The Same Fertility Ideals as in the Country of Origin? A Study of the Personal Ideal Family Size among Immigrant Women in Italy
The role of the personal ideal family size for international migrants has rarely been studied in the current debate on fertility and migration in the European context. It is not known to which extent the reduction of fertility observed among immigrants who settle in a country where fertility is lower than in their country of origin is the result of a change in fertility norms among those immigrants. The study of migrants’ ideals family size has the potential to shed light on fertility norms without the interference of economic conditions and migration-related disruptive phenomena. Due to the complexity of its migration context, Italy is an interesting destination country for studying changes in migrants’ ideal family sizes. This paper uses data from the survey of the Italian National Institute of Statistics (ISTAT) on immigrant families conducted in 2011-12. We compare the personal ideal family size of women of reproductive age with the prevalent norm in their country of origin, applying a multinomial logistic regression analysis. Results show that the country of origin has an important role in the determination of immigrants’ ideal family sizes. Women from countries where large families are the ideal are more likely to show a lower personal ideal family size compared to their non-migrant co-nationals, while women from countries where two children are considered ideal mostly share the same norm.

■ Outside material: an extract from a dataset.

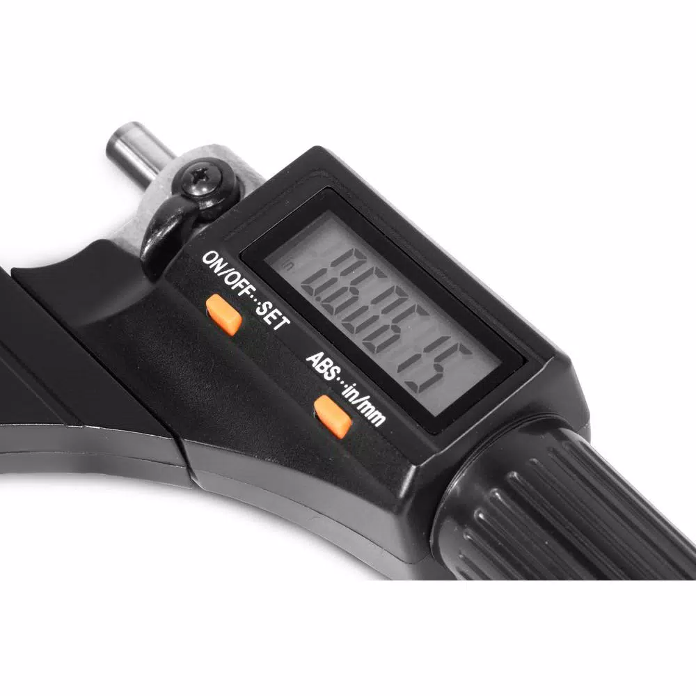 Remember when you could measure the slightest imperfections; Maximize accuracy with the WEN Caliper-Style Screw Gauge Micrometer. The large onboard LCD readout prominently displays measurements from 0 in. to 1in. in size. Switch between metric and imperial units with the simple push of a button, going from a resolution of 0.00005 in. to 0.001 mm. The carbide-tipped anvil and spindle (6.5 mm Dia) provide both incremental and absolute measurements while the ratchet and thimble allow for either quick or fine-tune adjustments. Pop on the included ball bearing tip (4.5 mm Dia) to maximize accuracy when measuring rounded or uneven subjects. The hard-bodied storage case keeps your micrometer protected from dust and contaminants while the extra CR2032 battery provides replacement power for your digital LCD readout. And, because its a WEN product, your caliper-style screw gauge micrometer comes backed by a two-year warranty and a friendly customer help line, all to make sure you remember WEN.
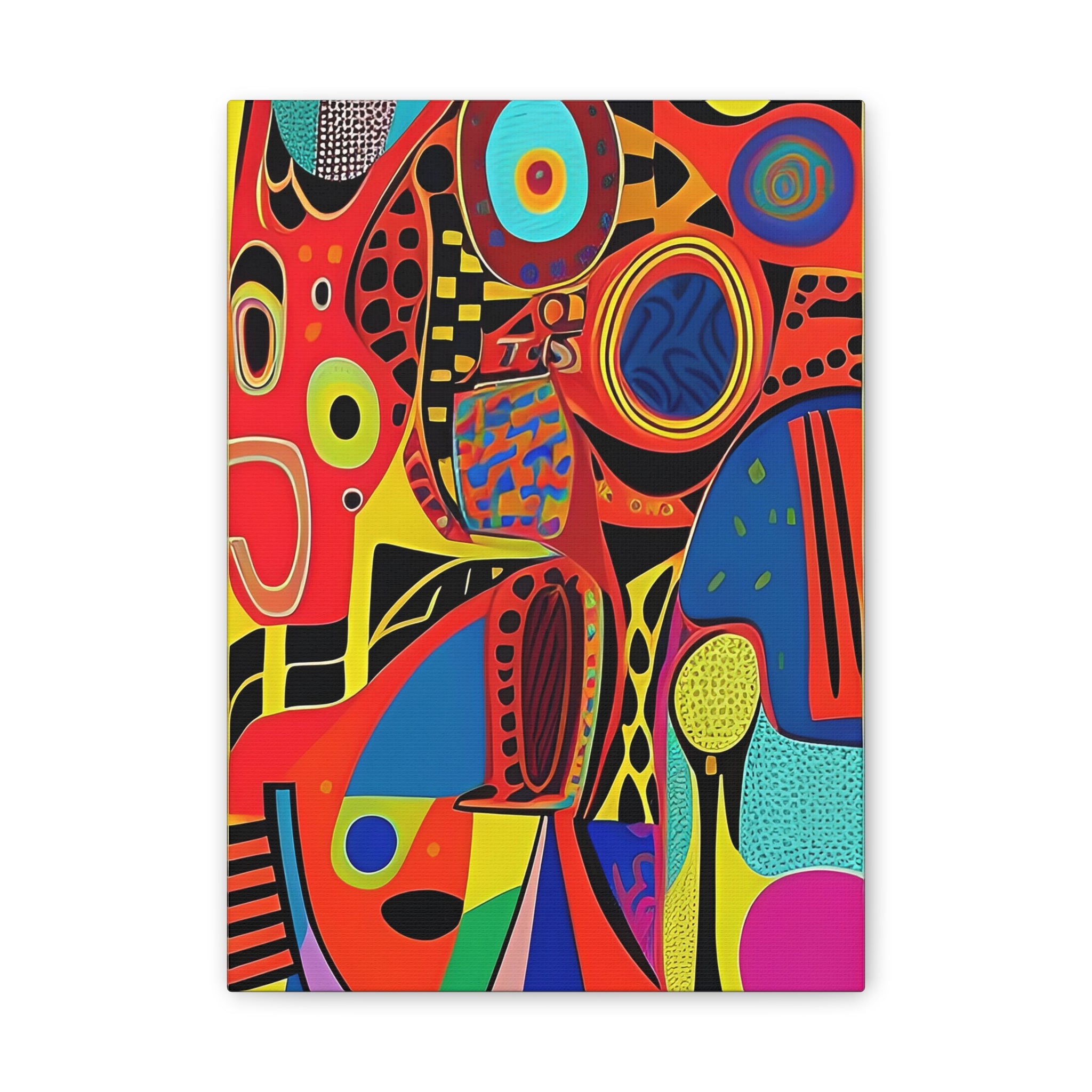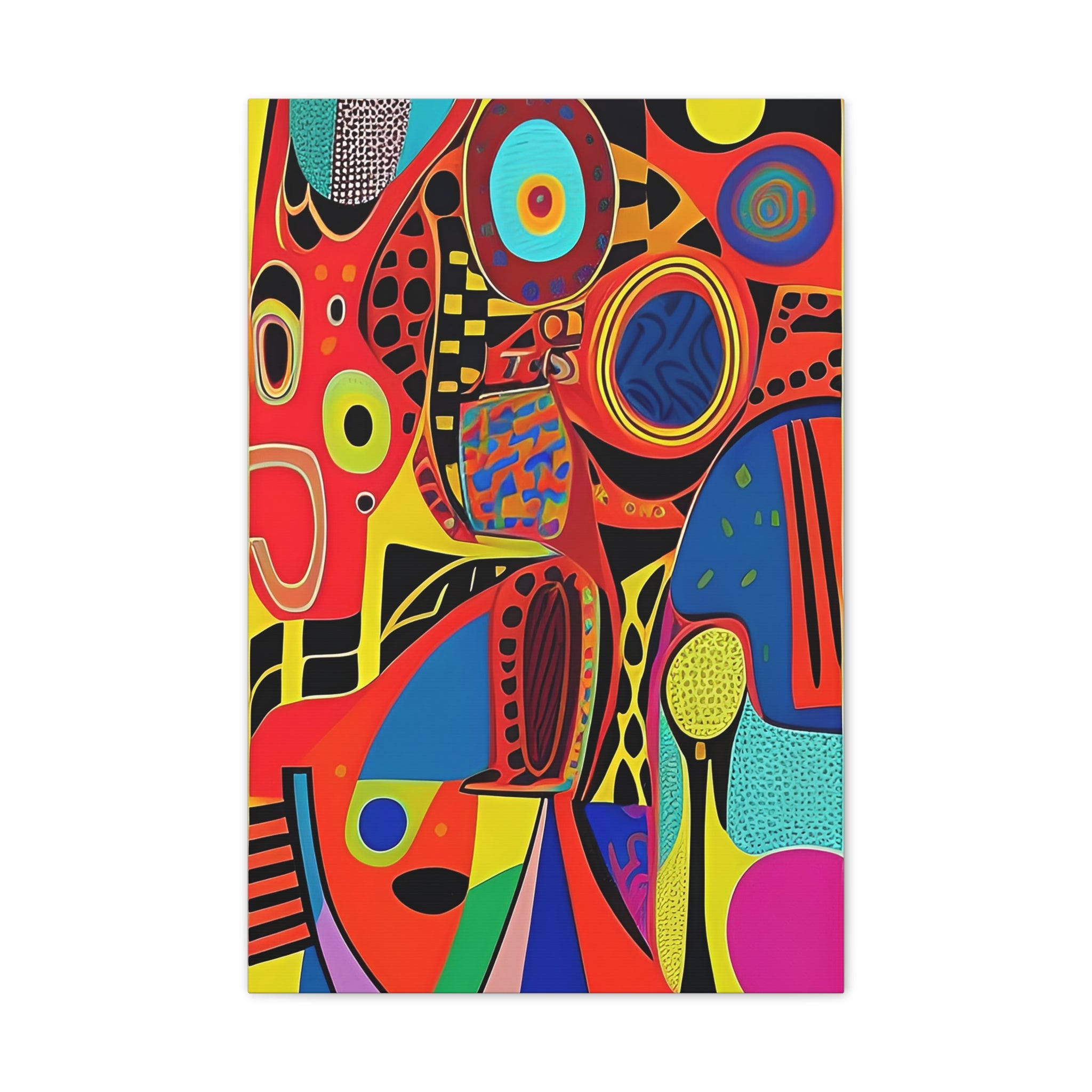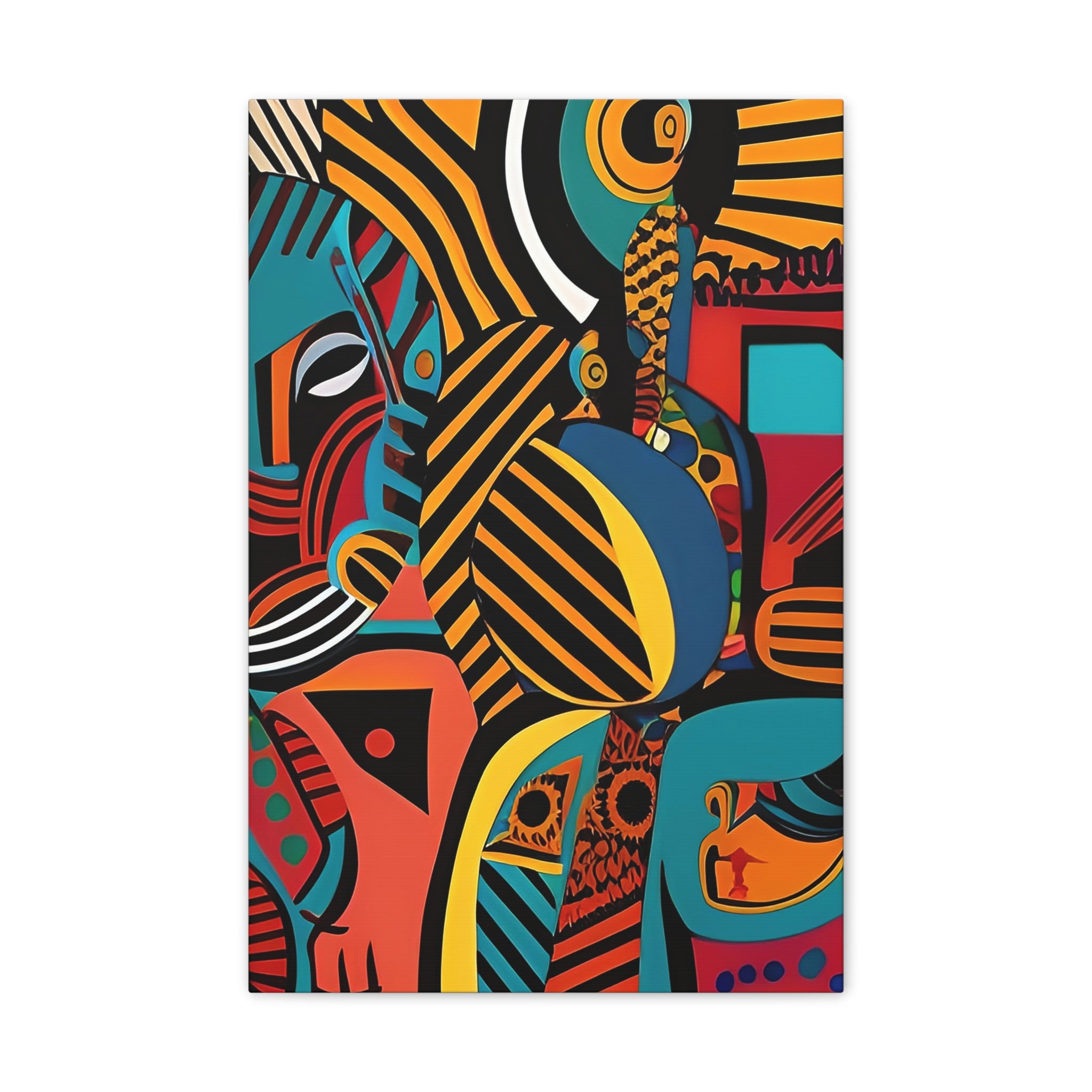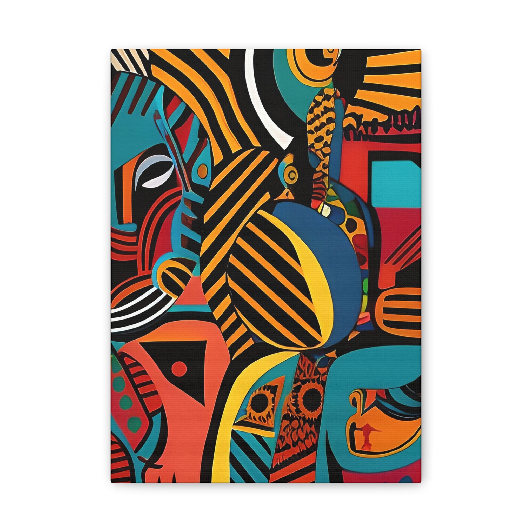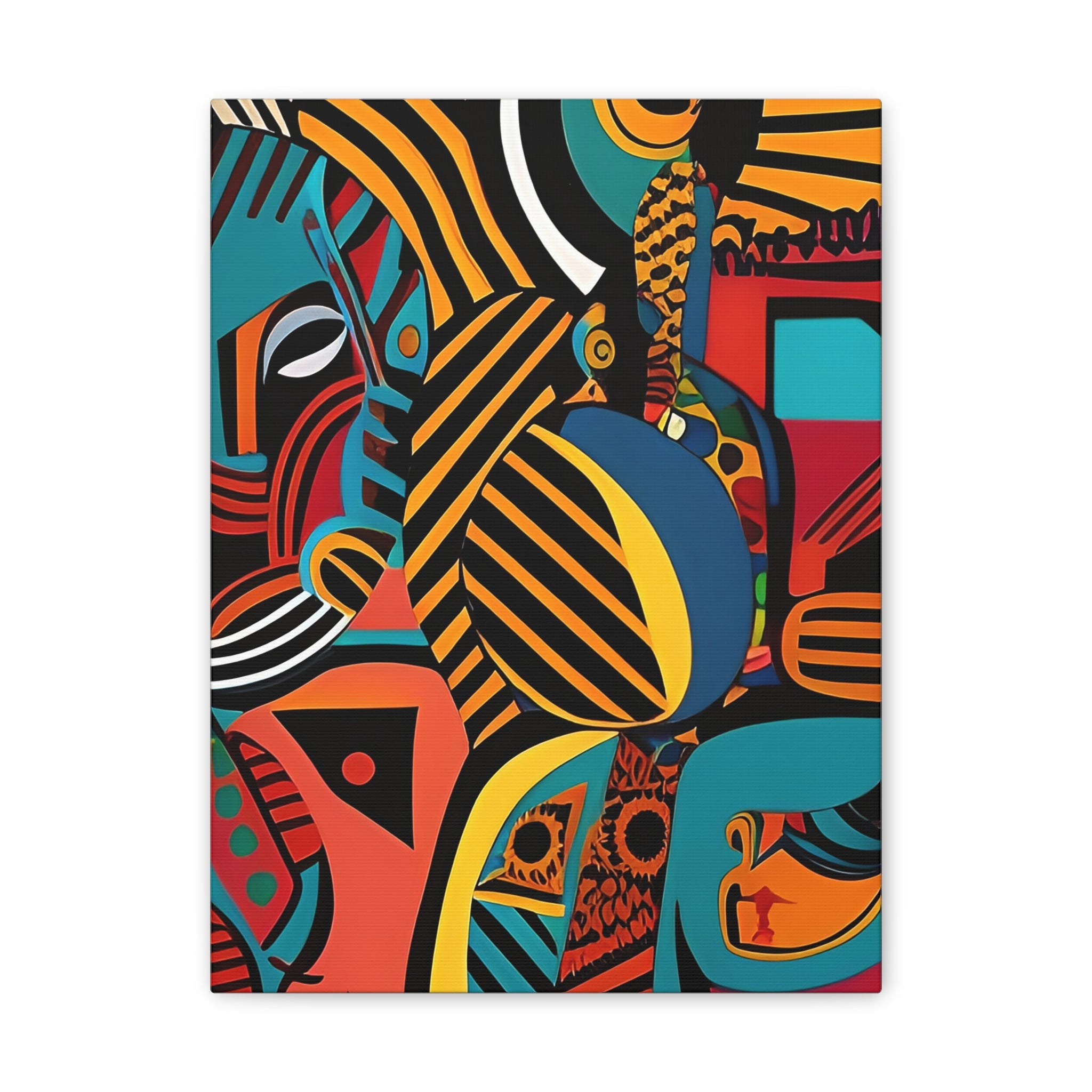 Lineage in Motion, Color in Code Immerse yourself in the coded vibrance of Zamani Echo, a stretched canvas wall art...

The occurrence of fertility preferences expressed in a non-numeric form (e.g. “Up to God”) changes between women with different countries of origin. This study confirms that conformity with the ideal of the country of origin is more likely among women who migrated as adults. At the same time, the number of years spent in the destination country is not significantly associated with a shift away from the norms prevalent in the country of origin. Finally, female empowerment and gender equity show their effects mainly on the reduction of non-numeric responses.
* This article belongs to a special issue on migrant fertility.